Why are leaders in Toronto smarter than leaders in Metro Vancouver?
Both cities have a remarkably similar problem: the local transportation authority “has an approved plan to build the system we need, but we have nowhere near the funds to pay for it. We have to be open to ways to raise money that are dedicated to getting this done ... We need to move people and goods quickly and easily for our region to be a great place to live, work, play and invest, and yet we’re decades behind in making that happen … Everyone agrees we have a crisis on our hands. We want to give residents a way to say, ‘we need a better system, and we need to find sustainable ways to pay for it’.”

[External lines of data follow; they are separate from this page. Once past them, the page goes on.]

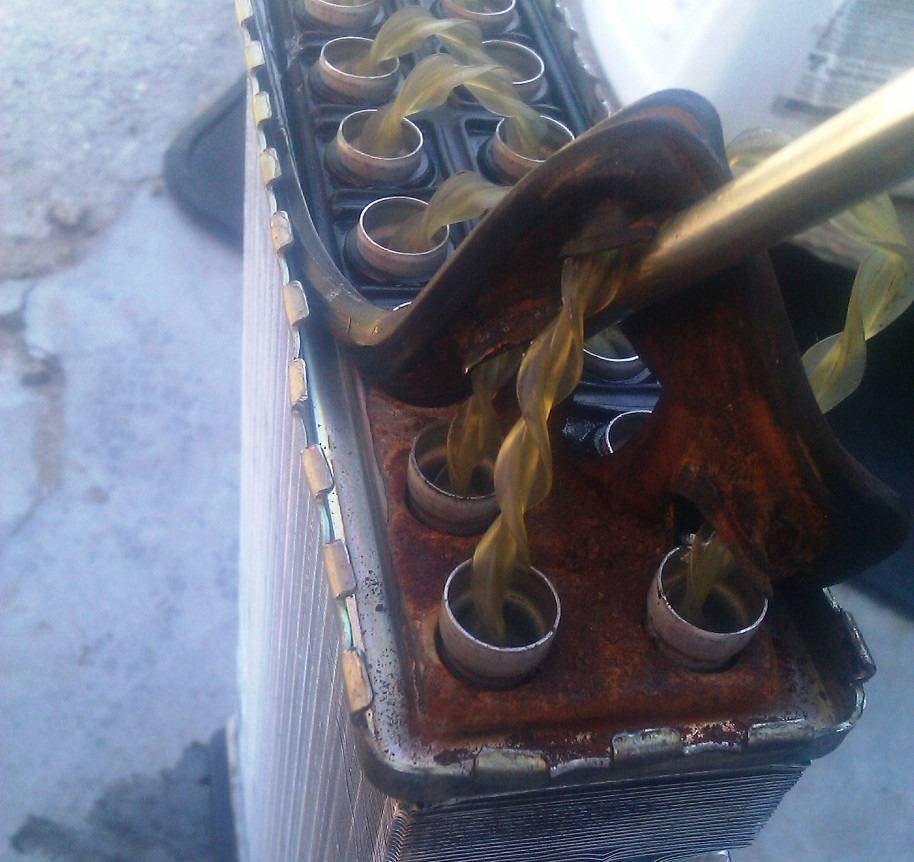 Если утечка ОЖ происходит из радиатора, его обычно меняют на новый. Ремонт с целью восстановления герметичности обычно сложен и трудозатратен. Кроме того, если радиатор давно эксплуатируется, его трубки забиваются отложениями и грязью, и, как следствие снижается теплоотдача.
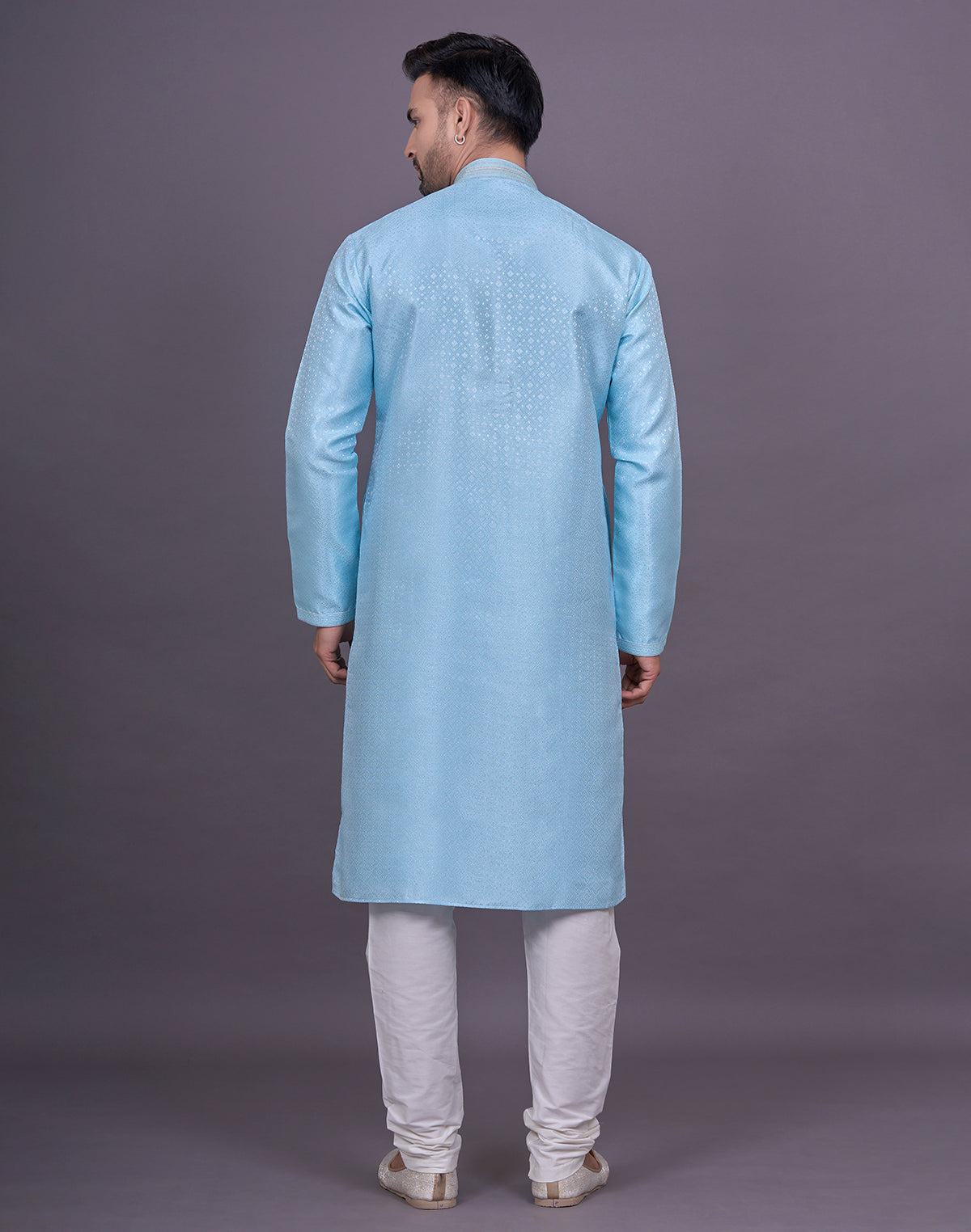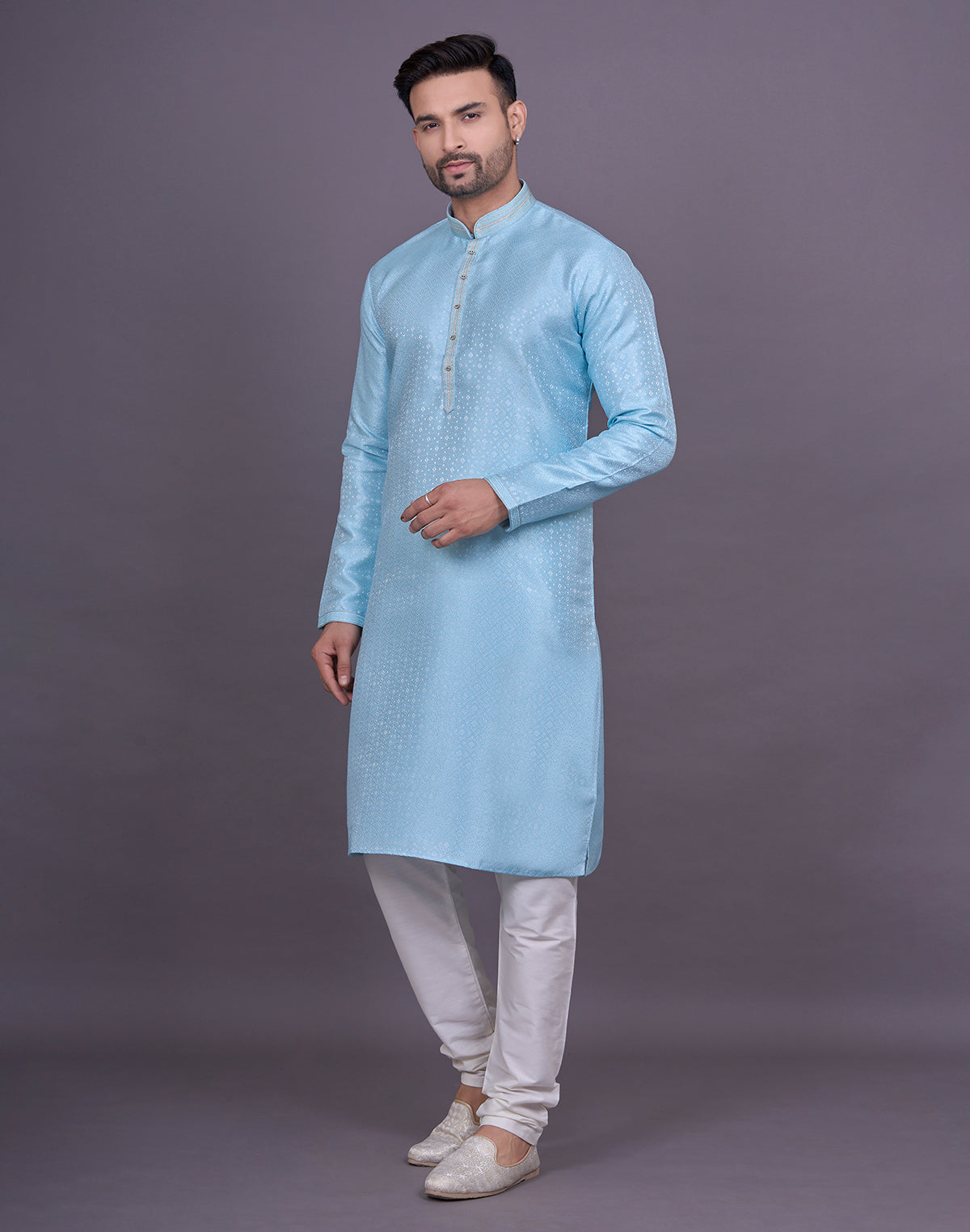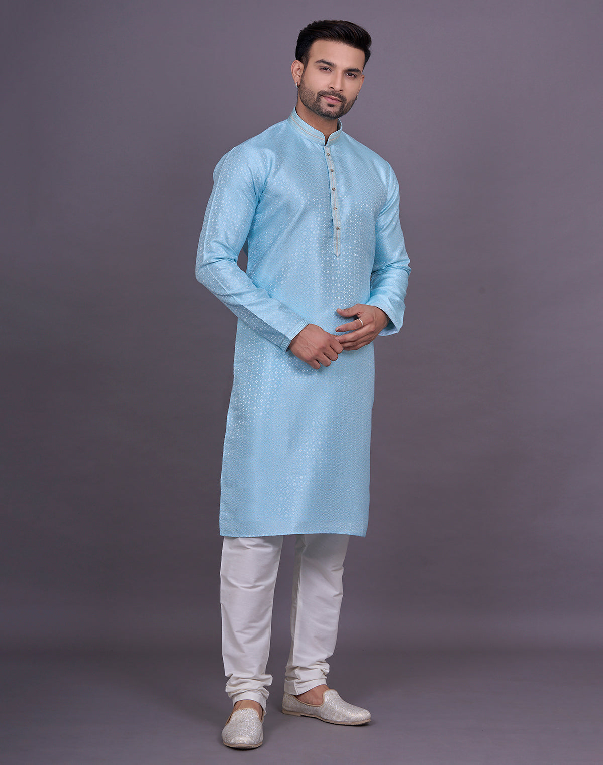• Image of Self Geometric Design Sky Colour Jacquard Kurta Pajama - South India Shopping Mall
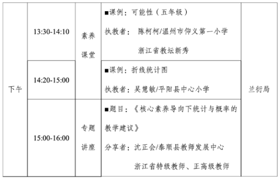 为提升教师专业素养,追寻“有学生、有数学、有技术”的数学课堂。现决定举行温州市陈柯柯“名师送教”工作室新课标下“统计与概率”教学实践展示活动,活动安排具体如下:

In Vancouver, that’s the message coming from a group of UBC students whose frustration over getting passed up by 99-B-line buses is spilling over into a wider campaign headed into the public domain in September. While every word of that quote rings true in Metro Vancouver, it comes from the mouth of business and political leader John Tory, chairman of the Greater Toronto CivicAction Alliance (GTCAA), a formidable blue-chip organization that is launching a major community campaign for transportation funding in Metro Toronto this fall.
The GTCAA announced its 27 Regional Transportation Champions –representing more than two million employees, students, customers and members across Metro Toronto and Hamilton – almost to the day that Vancouver was tagged as the most congested city in Canada, and the second-most congested in North America after Los Angeles. That dubious title (based on dubious methodology, it must be said) was won without even counting the real congestion zones east of Burnaby and south of the Fraser.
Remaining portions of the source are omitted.